Monday, Jan. 10, 1927
Statistics
Urbane, but making little effort to conceal his happy mind, the Rev. Charles Stelzle, Chairman of the Church Advertising Department, International Advertising Association, last week made public with extensive comment the results of a ten-day "nation-wide" religious poll, just concluded. One hundred fifty-three city newspapers from Manhattan to Seattle had asked their readers such forthright questions as: "Do you believe in God?"/- "Do you think that religion in some form is necessary?" To the first, 91% answered yes; to the second 87% yes. In fact all the proportions were almost equally favorable to the cause, unless one excepts the 58% who do not regularly have family worship in the home.

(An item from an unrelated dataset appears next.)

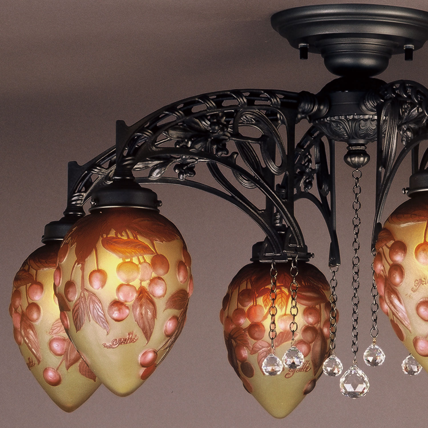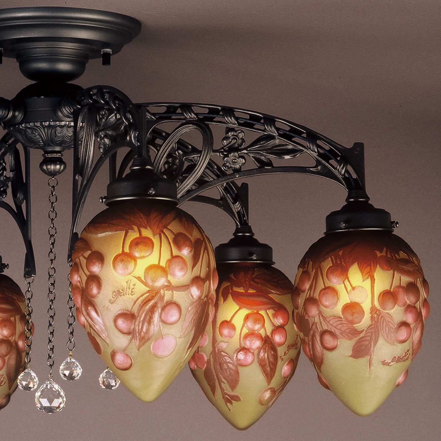 レッドチェリーの6灯ガレ風シャンデリア照明AKN-AGL-2175DB-6CH。ガレコレクションは、繊細な色彩と情緒豊かなモチーフ、そして豊かな工芸技術で時代を彩った、エミール・ガレのガラス工芸品を現代に蘇らせたシャンデリア照明のシリーズです。ガレコレクション

Commentators could not help detecting one fly in the unguent, and greatly fearing another. The first, visible, was that out of the total circulation of the 153 journals, but 125,000 answered, which is about one-third the circulation of a single one of them, the New York World (309,386). The second (a natural suspicion) was that only zealots (believers and unbelievers) had gone to the trouble of marking ballots and mailing.
Irreverent readers of the published results were loud in facetious badinage. Thinking members of the church, with or without regard to these former, felt that the campaign had been injudicious -- that the wind of the spirit, blowing whithersoever it listeth, is scarcely to be gauged by a meteorological chart.
/-One pantheist lady in Schenectady, N.Y., answered: "Yes, all of them."